-- PROVIDED INFORMATION follows --

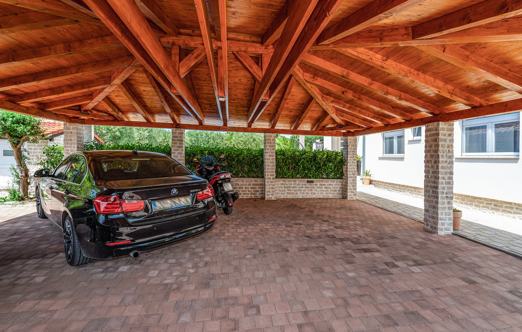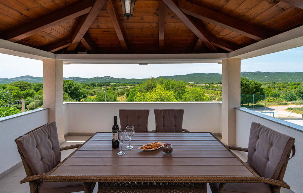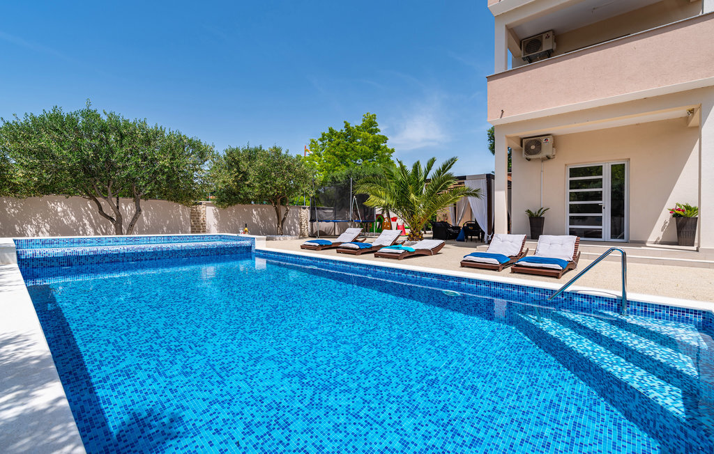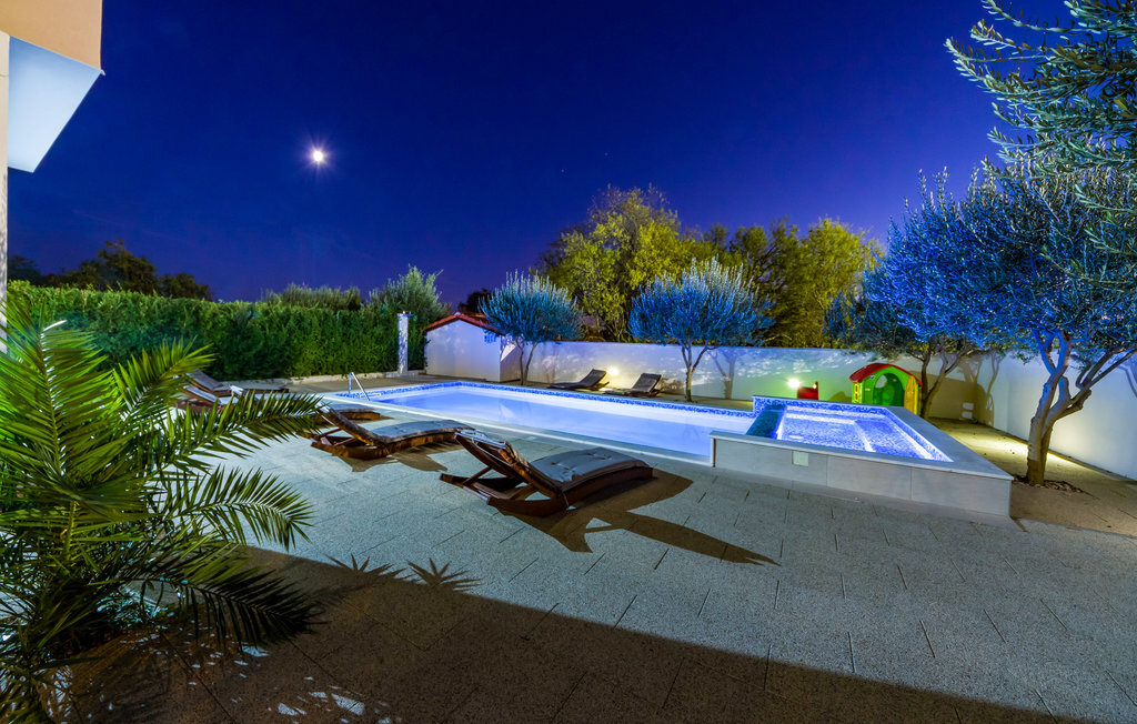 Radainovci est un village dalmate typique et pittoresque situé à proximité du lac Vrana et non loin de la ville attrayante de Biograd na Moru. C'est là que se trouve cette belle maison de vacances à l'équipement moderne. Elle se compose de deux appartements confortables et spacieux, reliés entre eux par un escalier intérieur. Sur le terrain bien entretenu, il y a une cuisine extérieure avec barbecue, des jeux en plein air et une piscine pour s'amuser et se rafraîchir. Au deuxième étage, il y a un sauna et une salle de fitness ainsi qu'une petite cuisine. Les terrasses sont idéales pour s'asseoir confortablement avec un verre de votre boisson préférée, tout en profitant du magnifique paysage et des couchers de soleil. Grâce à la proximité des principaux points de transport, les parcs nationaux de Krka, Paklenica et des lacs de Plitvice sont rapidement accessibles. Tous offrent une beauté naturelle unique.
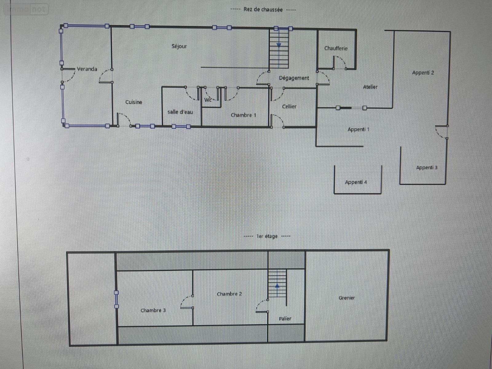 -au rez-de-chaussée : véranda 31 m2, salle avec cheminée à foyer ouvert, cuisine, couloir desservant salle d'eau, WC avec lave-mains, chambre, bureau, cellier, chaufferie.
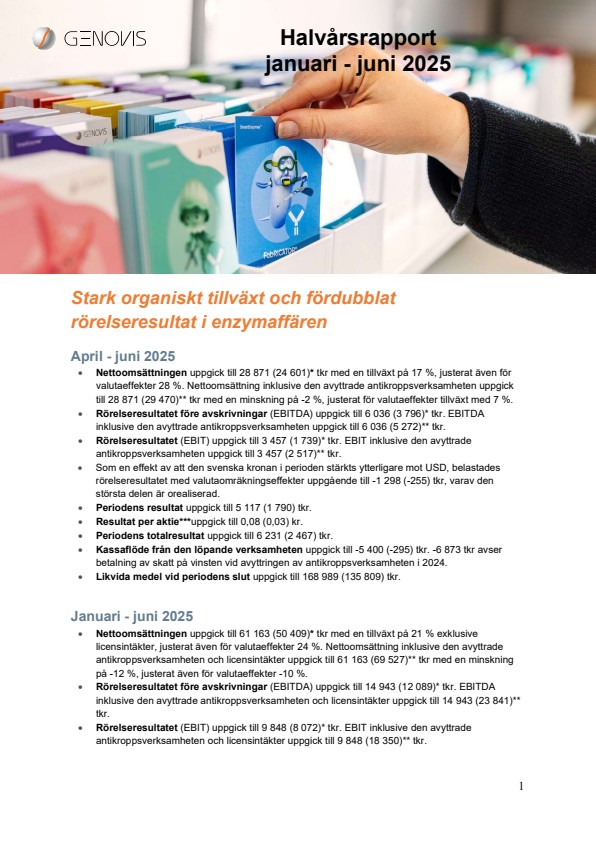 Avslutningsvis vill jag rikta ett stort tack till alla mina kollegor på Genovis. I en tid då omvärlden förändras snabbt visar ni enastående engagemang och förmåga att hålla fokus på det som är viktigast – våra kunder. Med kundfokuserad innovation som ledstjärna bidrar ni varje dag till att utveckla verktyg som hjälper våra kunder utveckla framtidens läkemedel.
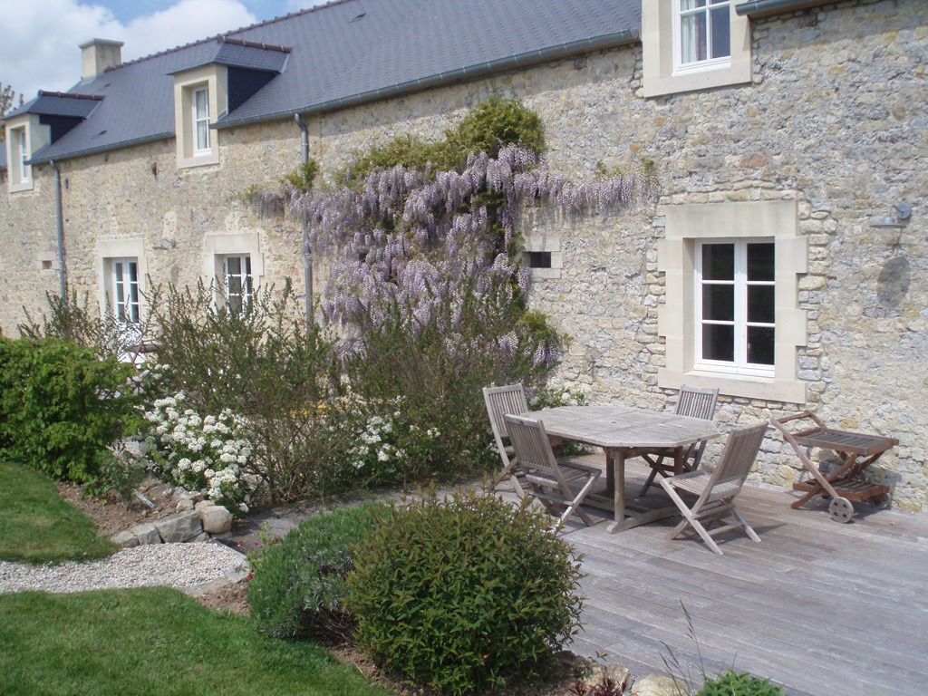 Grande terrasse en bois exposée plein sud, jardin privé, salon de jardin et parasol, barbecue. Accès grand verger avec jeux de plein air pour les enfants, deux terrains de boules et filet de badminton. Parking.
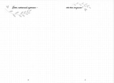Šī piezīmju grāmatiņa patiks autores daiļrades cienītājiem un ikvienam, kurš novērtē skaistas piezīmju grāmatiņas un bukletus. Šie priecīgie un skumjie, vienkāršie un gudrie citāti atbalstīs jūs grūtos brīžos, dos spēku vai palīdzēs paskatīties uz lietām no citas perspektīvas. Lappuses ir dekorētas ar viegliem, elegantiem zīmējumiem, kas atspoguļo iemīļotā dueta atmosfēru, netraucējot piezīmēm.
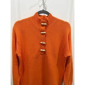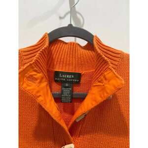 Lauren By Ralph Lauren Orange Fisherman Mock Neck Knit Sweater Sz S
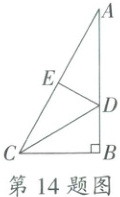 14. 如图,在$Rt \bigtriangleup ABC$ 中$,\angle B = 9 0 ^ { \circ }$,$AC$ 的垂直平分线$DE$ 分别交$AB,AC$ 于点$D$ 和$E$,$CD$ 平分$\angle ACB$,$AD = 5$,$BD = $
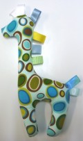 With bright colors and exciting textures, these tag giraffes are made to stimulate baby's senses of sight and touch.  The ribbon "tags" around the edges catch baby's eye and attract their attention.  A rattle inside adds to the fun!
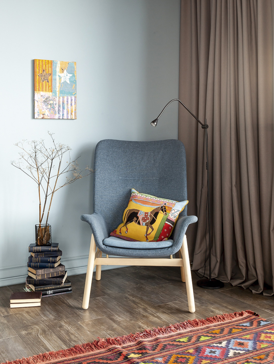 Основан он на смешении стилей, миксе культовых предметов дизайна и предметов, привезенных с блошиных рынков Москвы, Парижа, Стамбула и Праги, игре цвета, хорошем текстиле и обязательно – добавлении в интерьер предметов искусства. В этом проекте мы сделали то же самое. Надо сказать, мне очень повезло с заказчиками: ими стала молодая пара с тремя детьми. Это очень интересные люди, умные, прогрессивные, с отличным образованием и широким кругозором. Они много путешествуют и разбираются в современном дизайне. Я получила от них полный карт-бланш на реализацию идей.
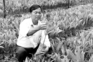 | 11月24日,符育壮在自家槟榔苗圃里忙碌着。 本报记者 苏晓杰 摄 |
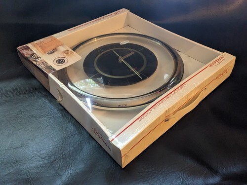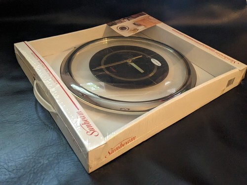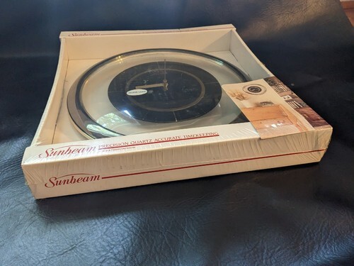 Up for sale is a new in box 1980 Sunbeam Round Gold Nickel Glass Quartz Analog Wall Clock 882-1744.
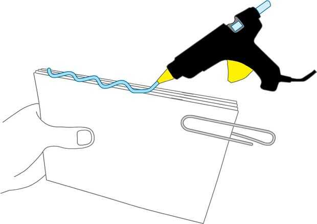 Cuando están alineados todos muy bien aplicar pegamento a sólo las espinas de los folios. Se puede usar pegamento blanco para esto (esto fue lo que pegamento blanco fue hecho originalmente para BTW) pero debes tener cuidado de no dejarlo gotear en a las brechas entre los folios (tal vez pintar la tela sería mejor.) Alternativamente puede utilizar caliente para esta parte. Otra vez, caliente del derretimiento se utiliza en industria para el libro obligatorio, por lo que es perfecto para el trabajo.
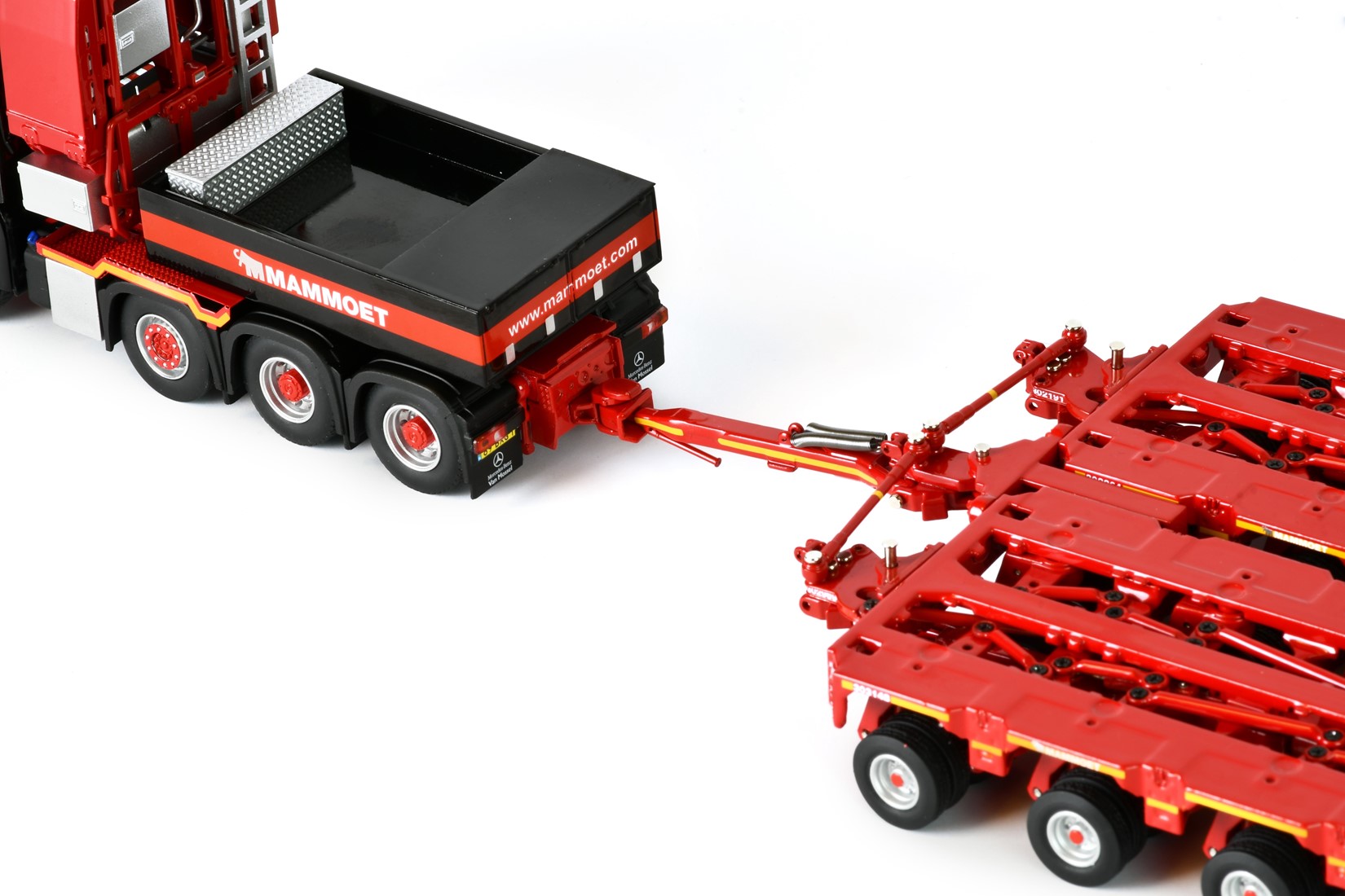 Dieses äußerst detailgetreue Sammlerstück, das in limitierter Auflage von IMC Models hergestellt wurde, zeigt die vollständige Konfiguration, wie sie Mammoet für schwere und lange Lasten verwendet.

-- PROVIDED INFORMATION concluded --

• **PROBLEM DETAILS**:
From the listing above, restate verbatim the lines running from the one with "Šī piezīmju grāmatiņa" through the one with "With bright colors", inclusive, but not the pictures.

• **RESULT**:
Šī piezīmju grāmatiņa patiks autores daiļrades cienītājiem un ikvienam, kurš novērtē skaistas piezīmju grāmatiņas un bukletus. Šie priecīgie un skumjie, vienkāršie un gudrie citāti atbalstīs jūs grūtos brīžos, dos spēku vai palīdzēs paskatīties uz lietām no citas perspektīvas. Lappuses ir dekorētas ar viegliem, elegantiem zīmējumiem, kas atspoguļo iemīļotā dueta atmosfēru, netraucējot piezīmēm.
 Lauren By Ralph Lauren Orange Fisherman Mock Neck Knit Sweater Sz S
 14. 如图,在$Rt \bigtriangleup ABC$ 中$,\angle B = 9 0 ^ { \circ }$,$AC$ 的垂直平分线$DE$ 分别交$AB,AC$ 于点$D$ 和$E$,$CD$ 平分$\angle ACB$,$AD = 5$,$BD = $
 With bright colors and exciting textures, these tag giraffes are made to stimulate baby's senses of sight and touch.  The ribbon "tags" around the edges catch baby's eye and attract their attention.  A rattle inside adds to the fun!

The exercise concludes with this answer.